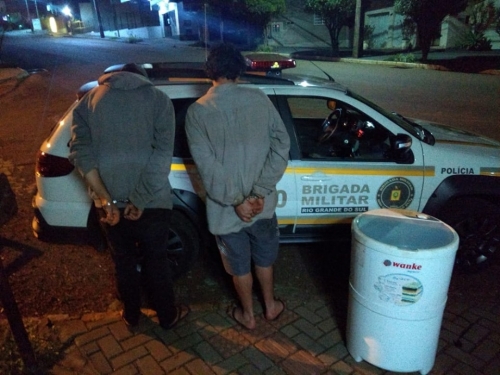 Na noite desta quinta-feira (01/08), por volta das 23h30min uma guarnição da Brigada Militar localizou três homens carregando uma máquina de lavar roupas.
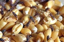 Inspect stored grain once a month. You can detect infestations using a grain probe or by hand. Hot areas generally indicate an infestation. Watch especially for signs of crusting near the top-center and outside edges. You might see live insects and damaged kernels on the surface, especially at the crown. Surprisingly, large populations of these pests can develop by mid-winter. Light traps, pheromone kits, and other types of traps are available for collecting, detecting, and monitoring many pests.
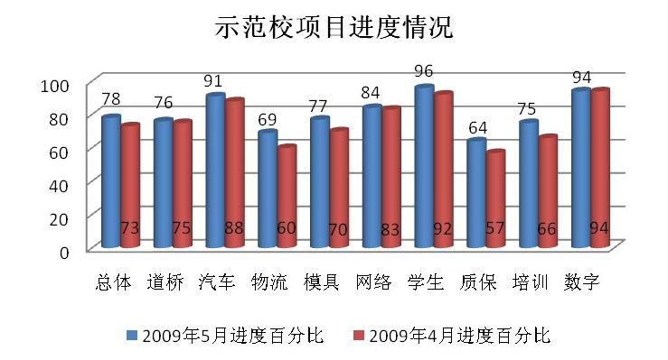 根据示范校建设办公室相关通知的要求,2009年5月15日期的自检工作已经结束,根据各部门上报材料显示,从2009年4月15日到2009年5月15日期间,我校示范校建设总体进度达到78%,相比上期只增加5个百分点。学生综合素质培养、数字化校园及多媒体教学和汽车检测与维修技术三个项目的进度已接近尾声,分别达到96%、94%和91%。三个相对缓慢的项目:物流、质保和培训项目在本阶段进展较快,依次增加了9、7、9个百分点,但总体仍然偏后,还需进一步加快建设速度。
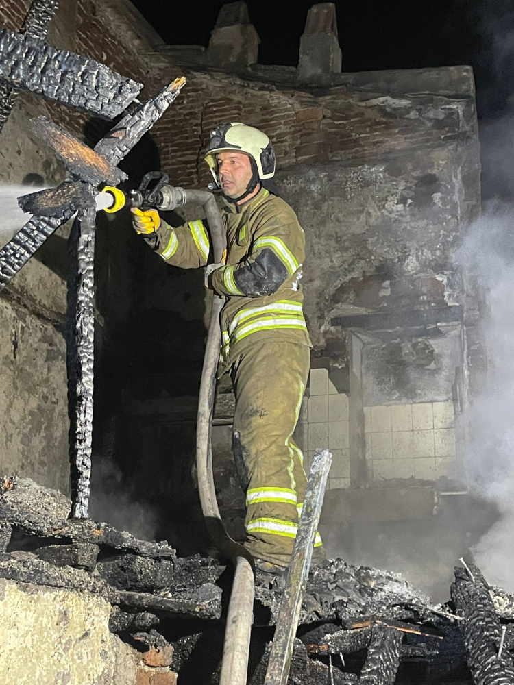 Yangının iki metruk bina ile bitişik durumda olan evlere sıçramasından endişeli olan mahalle sakinleri korku dolu anlar yaşadı.
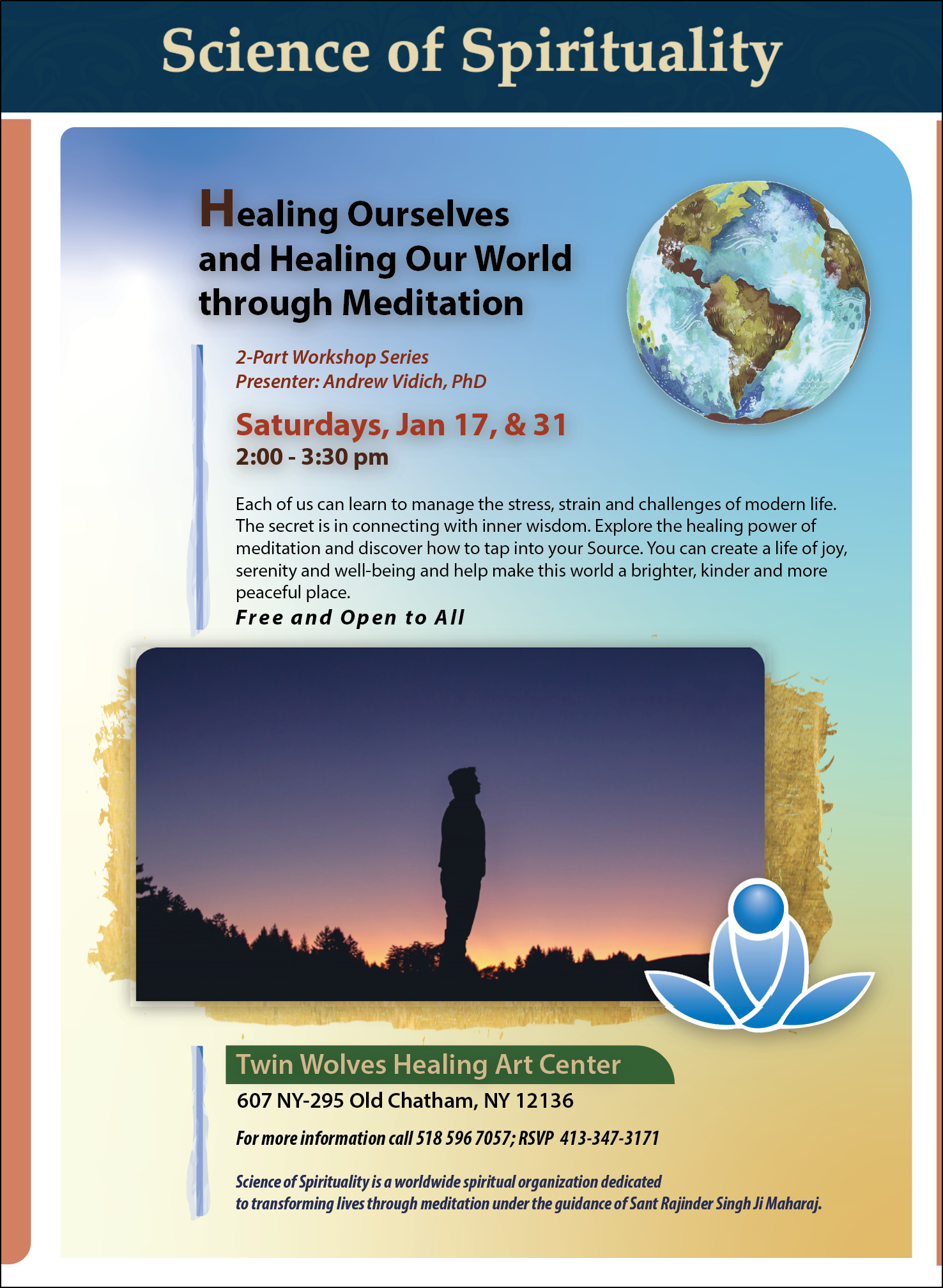 Back to All Events Healing the World Through Meditation Saturday, January 31, 2026 2:00 PM 3:30 PM Google Calendar ICS
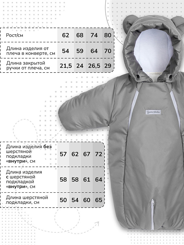 В комбинезоне – трансформере можно легко пристегнуть ребенка в автолюльке.Стильный и функциональный комбинезон - трансформер рассчитан на холода до -25 °С и состоит из трех защитных слоев: непромокаемого верха, плотного утеплителя и отстегивающейся подкладки из меха с натуральной шерстью. Комбинезон легко трансформируется в конверт (идеально подойдет новорожденным). Вы можете снять меховую подкладку и использовать конверт осенью/весной. Отвороты на рукавах не дадут замерзнуть маленьким ручкам. В комплекте идут утепленные отстегивающиеся пинетки.Зимний меховой комбинезон-трансформер AMAROBABY коллекции Snowy Baby - незаменимая и удобная вещь для прогулок с ребенком в холодное время года.

+ + +

YOUR GOAL »
Repeat the records above exactly, leaving out the pictures.

WRITTEN ANSWER »
 Na noite desta quinta-feira (01/08), por volta das 23h30min uma guarnição da Brigada Militar localizou três homens carregando uma máquina de lavar roupas.
 Inspect stored grain once a month. You can detect infestations using a grain probe or by hand. Hot areas generally indicate an infestation. Watch especially for signs of crusting near the top-center and outside edges. You might see live insects and damaged kernels on the surface, especially at the crown. Surprisingly, large populations of these pests can develop by mid-winter. Light traps, pheromone kits, and other types of traps are available for collecting, detecting, and monitoring many pests.
 根据示范校建设办公室相关通知的要求,2009年5月15日期的自检工作已经结束,根据各部门上报材料显示,从2009年4月15日到2009年5月15日期间,我校示范校建设总体进度达到78%,相比上期只增加5个百分点。学生综合素质培养、数字化校园及多媒体教学和汽车检测与维修技术三个项目的进度已接近尾声,分别达到96%、94%和91%。三个相对缓慢的项目:物流、质保和培训项目在本阶段进展较快,依次增加了9、7、9个百分点,但总体仍然偏后,还需进一步加快建设速度。
 Yangının iki metruk bina ile bitişik durumda olan evlere sıçramasından endişeli olan mahalle sakinleri korku dolu anlar yaşadı.
 Back to All Events Healing the World Through Meditation Saturday, January 31, 2026 2:00 PM 3:30 PM Google Calendar ICS
 В комбинезоне – трансформере можно легко пристегнуть ребенка в автолюльке.Стильный и функциональный комбинезон - трансформер рассчитан на холода до -25 °С и состоит из трех защитных слоев: непромокаемого верха, плотного утеплителя и отстегивающейся подкладки из меха с натуральной шерстью. Комбинезон легко трансформируется в конверт (идеально подойдет новорожденным). Вы можете снять меховую подкладку и использовать конверт осенью/весной. Отвороты на рукавах не дадут замерзнуть маленьким ручкам. В комплекте идут утепленные отстегивающиеся пинетки.Зимний меховой комбинезон-трансформер AMAROBABY коллекции Snowy Baby - незаменимая и удобная вещь для прогулок с ребенком в холодное время года.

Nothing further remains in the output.